The decision signals that rivals theoretically are free to make new discoveries in a research area that another company pioneered first, Jonsen said. For competitors, that lessens the “fear of being hit with an infringement lawsuit,” he said.
“For biotech companies with first-in-class antibody intellectual property—they’ve lost the ability to threaten competitors that get too close to their IP,” Jonsen said. “The Supreme Court has significantly de-risked many projects.”
In the short term, practitioners are seen as likely to file longer drug patent applications that include lengthy tables of the sequences they intend to cover. That approach doesn’t foreclose “prophetic efforts” that list potentially successful combinations, Cowles said, but they will still focus on enumerating what specifically the patent covers.

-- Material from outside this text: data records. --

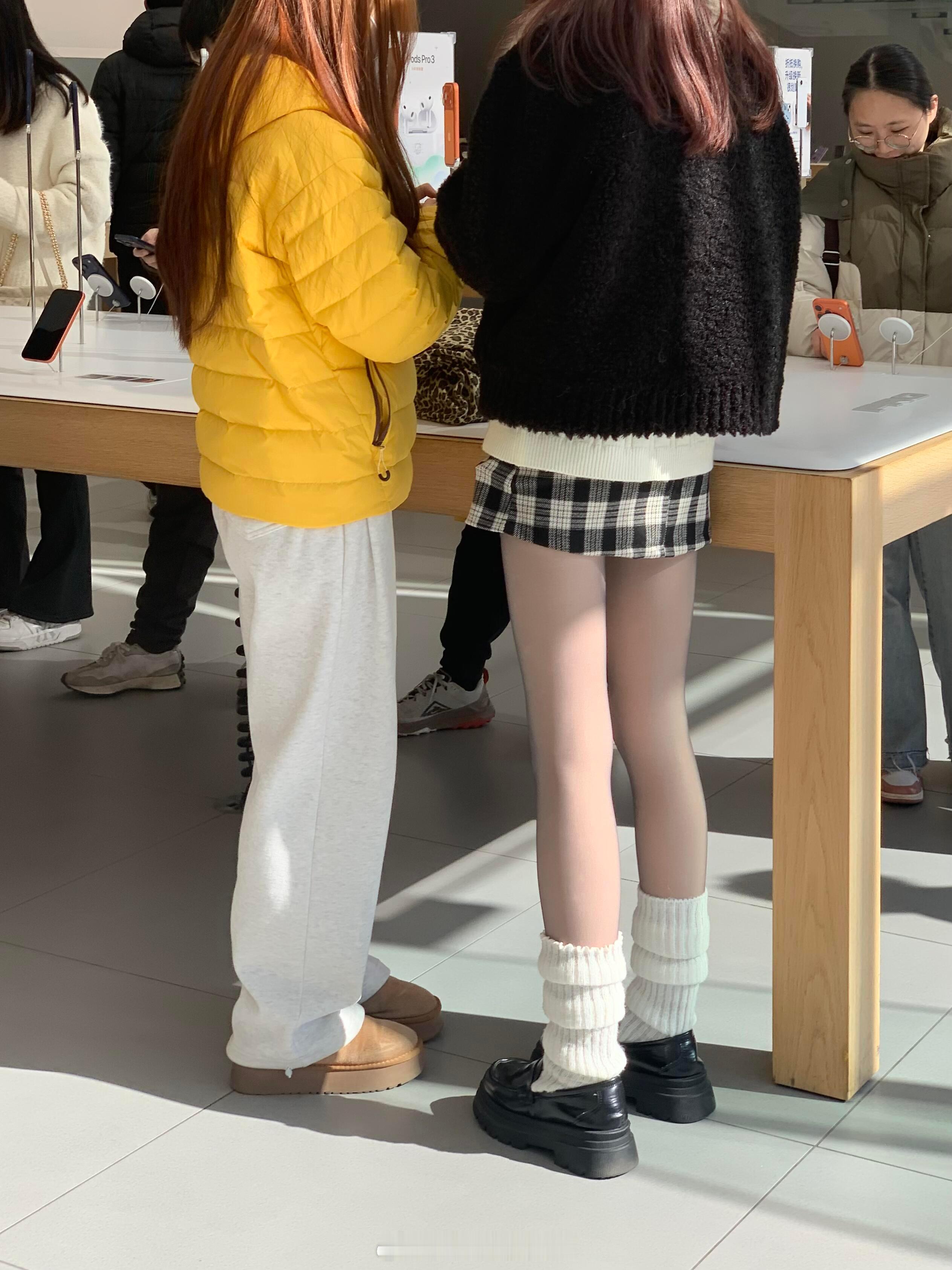 沃趣…苹果店看到的🥲…这两个小姐姐的穿搭都好好看啊!!这个卫裤看起来也好舒服啊!!右边小姐姐的黑丝看起来也好清透啊!!e人果断上去要链接!!
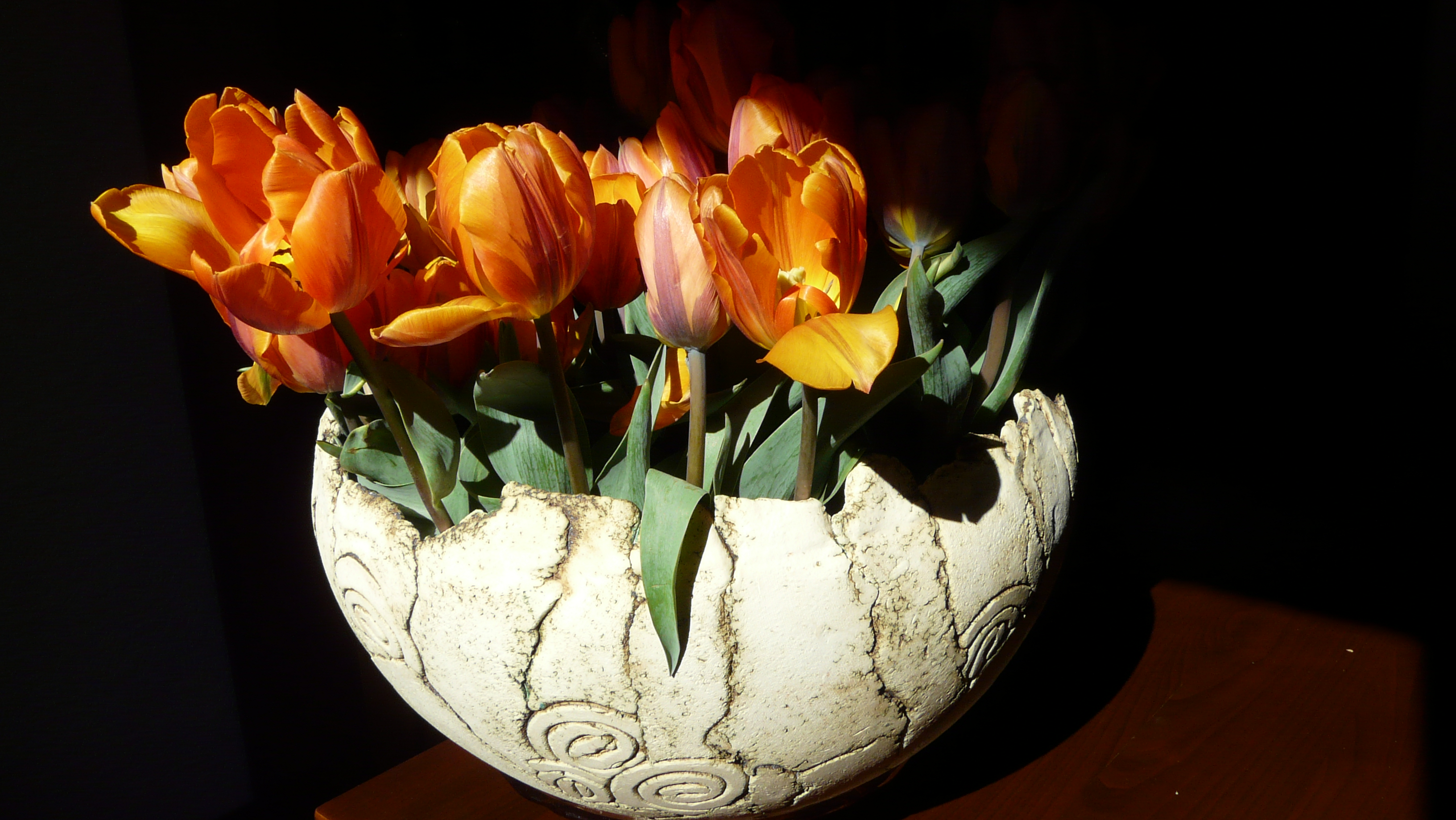 zonlicht op tulpen in schaal
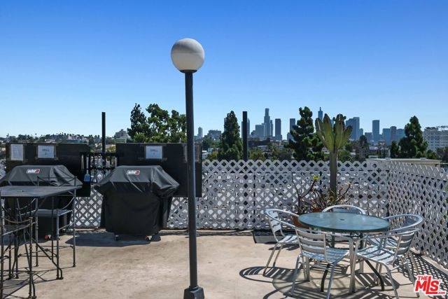 Pretty Pretty Penthouse with Views! Step into a one-of-a-kind penthouse condominium nestled within a superbly central location in the vibrant heart of the city, where Koreatown/Rampart Village and Downtown Los Angeles intersect. Truly spectacular city and DTLA skyline views from the living room, balcony, and bedroom! An effortless blend of retro charm, with sleek, modern sophistication, and a chic Boho aesthetic, creating a truly unique urban sanctuary. Light, open-concept layout, fireplace, sound-insulated windows, and morning sun balcony! Bright, airy, and peaceful, offering a comfortable setting for both living and working. Timeless design touches add warmth and personality, while updated, custom finishes (including custom built-in furniture and Samsung Frame Art TV) throughout elevate the overall design accentuating privacy and security. The kitchen features sleek appliances, ample storage cabinetry, quartz countertops and a generous island, perfect for both daily use and entertaining on special occasions! Community amenities include a fabulous rooftop deck with pool, spa tub, sauna, BBQ and stunning city views as far as the eye can see. A multi-purpose rec room and well-equipped gym, with manager or security on site 24-hrs and gated parking garage complete the LaFayette lifestyle. Located down the street from La Fayette Park, one is surrounded by Rampart Village's best restaurants, shops, cultural venues, wonderful parks and public transit options. This is a rare opportunity to own a thoughtfully designed penthouse in this most desirable Koreatown/Rampart Village's/DTLA building with easy access to USC and Freeways 5, 10, 101, 110. Enjoy LA life at its best!
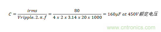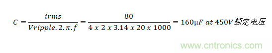 如果僅需要電容器來控制電動汽車動力系統(tǒng)等直流線路上的紋波電壓,則在選擇電容器時將會呈現顯著不同。 總線電壓可能與以前一樣為400V,但由采用電池供電,因此不存在穿越需求。在下游轉換器以20kHz的開關頻率提取80Arms脈沖電流時,將紋波限制在4Vrms以內是非常現實的, 所需的電容是:
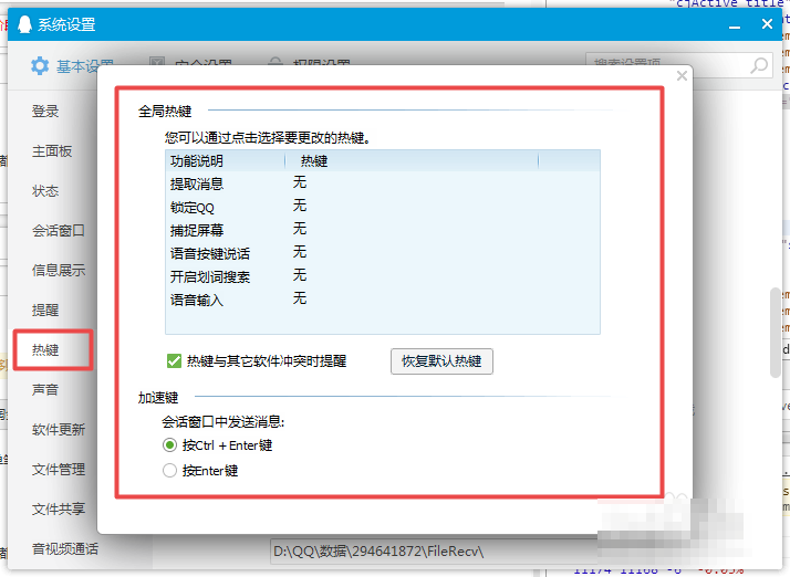 3、qq的快捷鍵也可以在設置-熱鍵中找到,不用的也可以取消勾選。它還有貼心的沖突提醒功能。
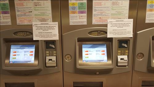 8일(현지시간) 오전 출근시간, 아테네 지하철 3호선 메가로 뮤지끼역에 있는탑승권 판매기계 4대에 부착된 안내문이다.
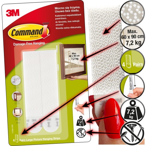 COMMAND Rzepy Samoprzylepne do Obrazow Duże 8 szt
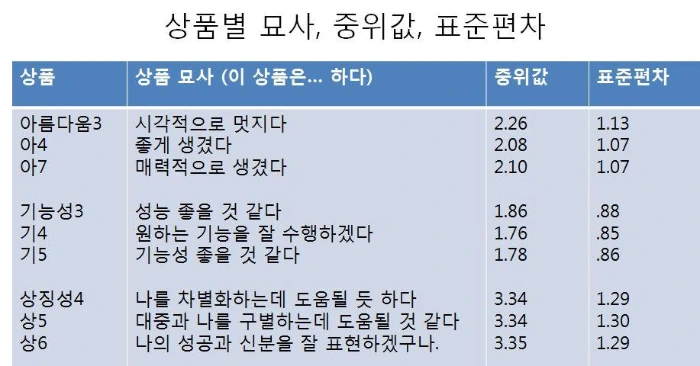 새로 개발된 측정 지표를 바탕으로 위의 프로세스를 거쳐, 상품의 디자인에 대한 고객의 묘사와의 강한 연관성을 확인하였고 각 디자인 요소간의 상호 상관 관계까지 확인하였다. 이를 통해 우리는 아름다움과 기능성 사이의 상관관계가 크고 (.64) 기능성과 상징성 사이의 상관 관계는 상대적으로 그보다 적다고 (.34) 알게 되었다. 그러면,
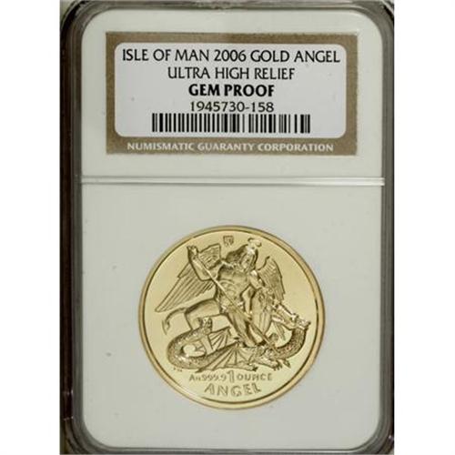 <B>Gold Proof Angel 2006,</B></I> Elizabeth II elderly portrait, not yet listed in Krause, 1 ounce of glittering, nearly perfect gold, as shown by our illustrations, graded Gem Proof "Ultra High Relief" by NGC and accompanied by the Pobjoy Mint's certificate of authenticity which gives a brief history of the angel. Only 1,000 minted for worldwide sale.<BR><BR><b>Shipping:</b> Coins & Currency (<a target="_blank" href="http://www.heritageauctions.com/common/shipping.php">view shipping information</a>)
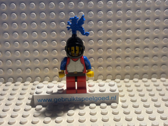 Gebruikt Speelgoed / Collection / Minifig cas280a - Breastplate - Red with Blue Arms, Red Legs with Black Hips, Black Grille Helmet, Blue Dragon Plume
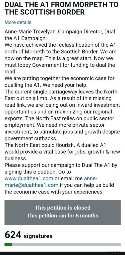 As of this evening, the Northumberland Coast Loop Petition stands at 628 signatures, which means it now has exceeded the figure achieved by the Dual the A1 from Morpeth to the Scottish Border Petition back in 2012, which only garnered 624 signatures.
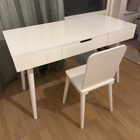 Ikea skrivbord + två stolar.
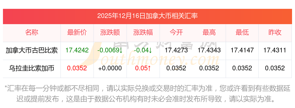 根據(jù)2025年12月16日匯率計算,CAD兌換CUP匯率最新價17.424200:今日開價17.4273,昨日收價17.4311,最高價17.4343,最低價17.4147。
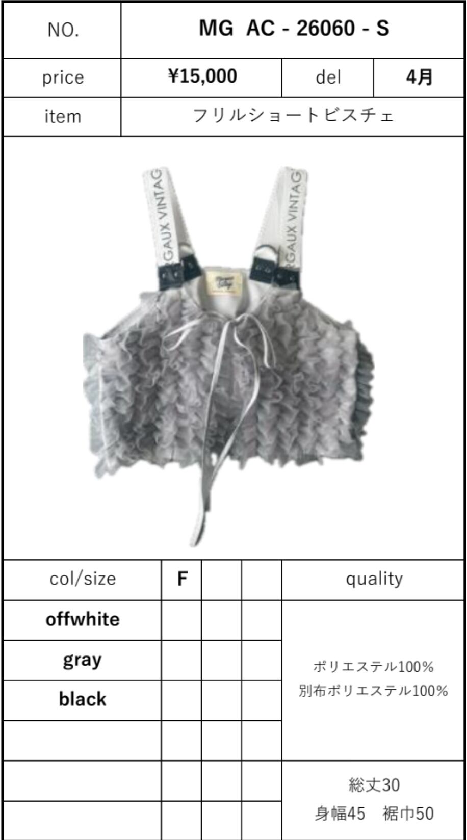 予約販売【 Margaux Vintage 】フリルショートビスチェ (26060) 4月旬頃入荷

Jonsen agreed that inventors will be encouraged to draft claims “focused on concrete examples, to avoid invalidation of all claims.”
In the wake of the decision, inventors should also be wary of relying on what’s known as conservative amino acid substitutions, which are modest variations in antibody combinations, said Kevin E. Noonan, co-chair of McDonnell Boehnen Hulbert & Berghoff LLP’s Biotechnology and Pharmaceuticals Practice Group.
Such substitutions were generally presumed to be covered by patent applications, but that convention has “been rebutted or thrown into grave doubt” by Amgen’s loss, Noonan said.
The case is Amgen Inc., et al., Petitioners vs. Sanofi, et al., U.S., No. 21-757, affirmed 5/18/23.